McMurtry is the voice for the almost 12,000 families in the Fort Smith region who have been on the front lines of a lost manufacturing job during the past 10 years when the work was shipped overseas or to Mexico.

“See all those pallets piled up on the loading dock
They're just gonna set there till they rot
'Cause there's nothing to ship, nothing to pack
Just busted concrete and rusted tracks”

He hits closer to home with this.

“Now I'm stocking shirts in the Wal-Mart store
Just like the ones we made before
'Cept this one came from Singapore
I guess we can't make it here anymore”

Although numerous media outlets and music critics have said McMurtry is one of the more pointed protest singer/songwriters playing today, he refuses to be pinned down. He especially refuses to accept that his songs are anti-Republican.

“The main thing that the narrator rails against in the song (We Can’t Make It Here) is outsourcing, which really took wing under Clinton,” McMurtry said.

Fair enough.

CRIMINAL POLITICS
But he does have clear political opinions.

“It suited me well. I might get some health insurance now,” McMurtry said when asked if he liked the outcome of the recent U.S. presidential election. “I don’t understand, if we can pay for two wars, how come we can’t pay for healthcare for people?”

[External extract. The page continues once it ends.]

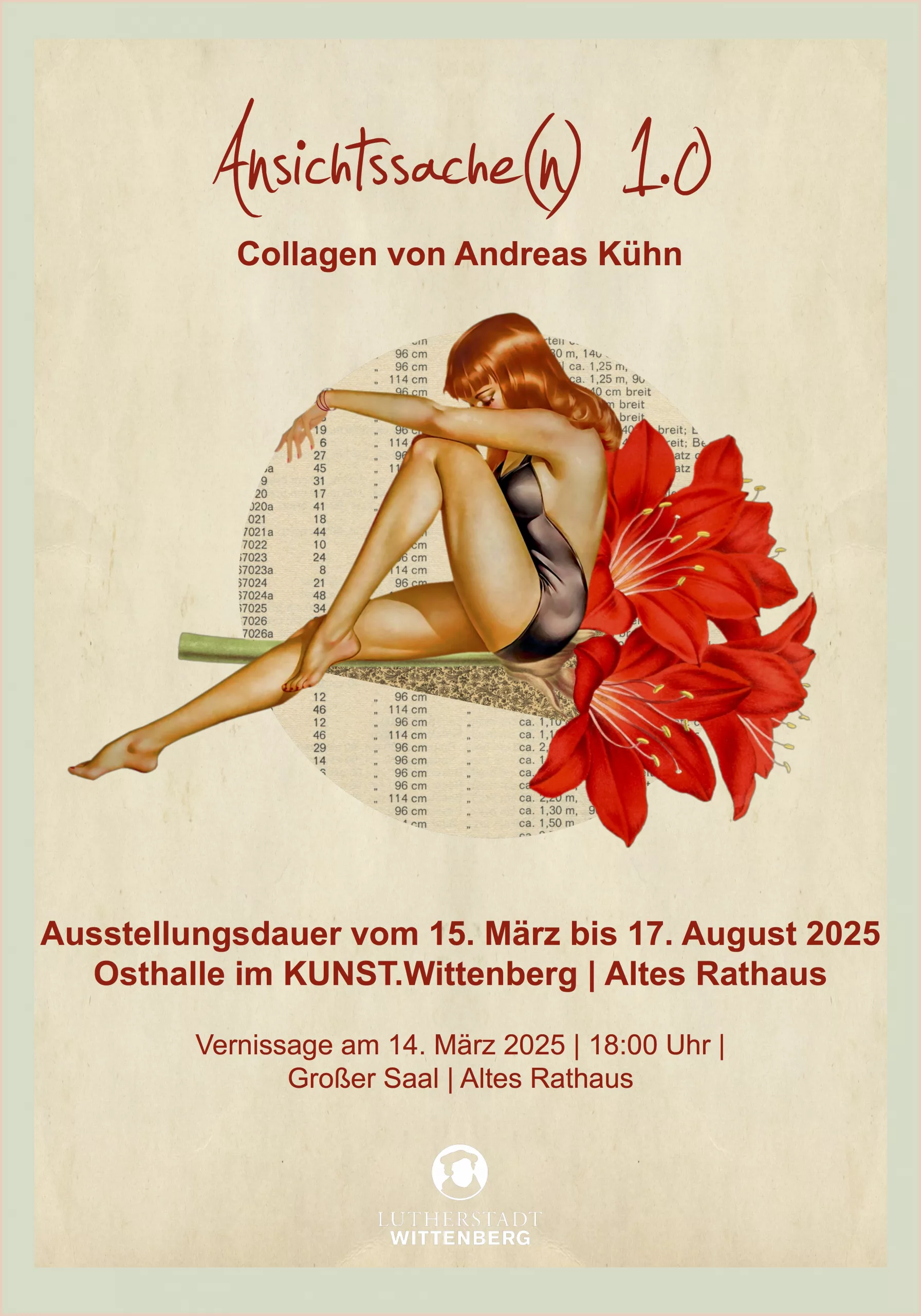 Der 1966 in der Lutherstadt Wittenberg geborene und bis heute hier lebende Künstler Andreas Kühn hat viele Jahre als selbstständiger Mediendesigner für Digital- und Printmedien gearbeitet. Im Jahr 2013 hat er sich dann ganz der Kunst gewidmet. Zunächst hat er sich mit Fotografie und traditionellen Drucktechniken ausprobiert und schließlich die Collage als bevorzugte Ausdrucksform für sich entdeckt. Ein Wendepunkt in seinem Leben war eine schwere Operation Anfang 2017. Diese Erfahrung führte zu der Entscheidung, sich vollständig der Kunst zu widmen – eine Entscheidung, die seinen Schaffensprozess nachhaltig prägte. Foto: Plakat zur Ausstellung

He was surprised to learn that Arkansas voters almost approved a measure to allow medicinal marijuana.

“It amazes me. Pretty much everybody thinks that medicinal marijuana works. There are people that can get no other pain relief. Yet we deny them that in order to keep federal bureaucracies in existence,” McMurtry quickly opined. “It seems like it’s taken an awful long time for common sense to override that (federal position against marijuana).”

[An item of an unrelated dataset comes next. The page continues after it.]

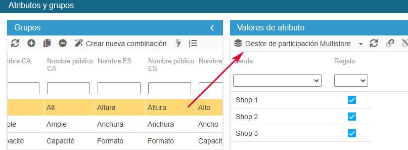 En la interfaz de Store Commander, encontrará esta opción de compartir en la tabla de los atributos de la ventana Catálogo > Atributos y Grupos > Gestión de los Atributos y Grupos

But what about the criminal element tied to the drug trade?

“There’s a criminal element tied to banking,” McMurtry immediately retorts.

Fair enough.

BERRY FAN
McMurtry reflexively accepts a media review suggesting he is a “newfangled Chuck Berry with politics and a novelist’s eye.”

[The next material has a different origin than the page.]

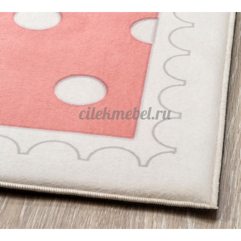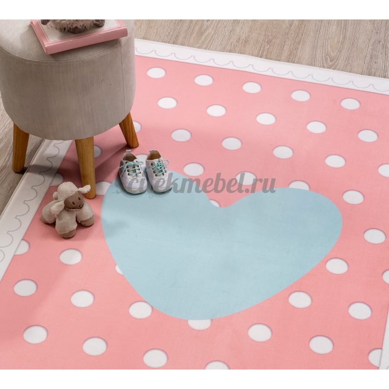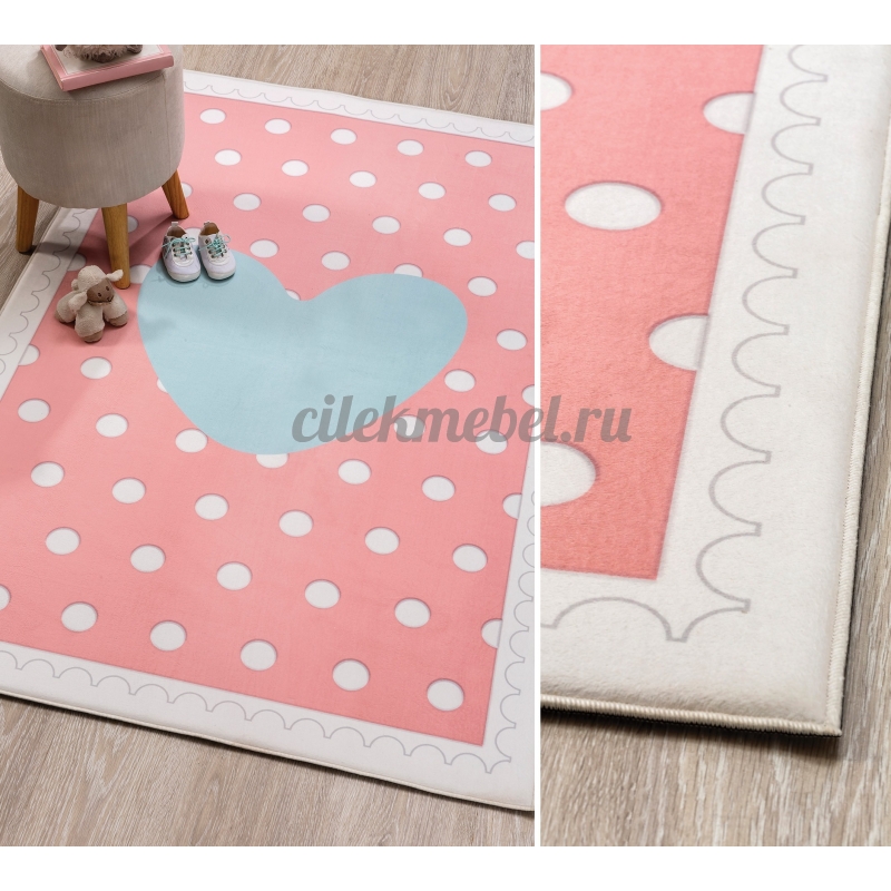 Ковер Cilek Soft Happy для оформления комнаты девочки. Основу декора составляет розовый фон с крупным белым горохом и расположенным посередине зеленым сердцем. Периметр ковра оформлен белой окантовкой, элементы рисунка создают на поверхности рифление. Цвета неяркие, универсально дополнят интерьер.

“He’s probably my favorite American songwriter. That guy could really turn a phrase,” McMurtry said. “It’s like Rodgers and Hammerstein. And it sings well, because he knows how to sing.”

McMurtry also knows his way around a phrase.

“I don’t want another drink, I only want that last one again. It gave me such a fine glow, smoky and slow,” he sings in “Hurricane Party,” off his last studio album Just Us Kids.

True enough, but it’s a line that could be topped on his upcoming album in which the song character is “washing down my blood pressure pill with a Red Bull.”

What is also fair and true enough is that McMurtry’s set is a show any lover of Americana must see. His politics stray to the left, but his sound is right down the middle of a red-white-and-blue music history influenced by the likes of Cash, the aforementioned Berry and any number of the music legends to emerge from Appalachia, Bakersfield, Memphis, Nashville, Okemah, Okla., and east Arkansas.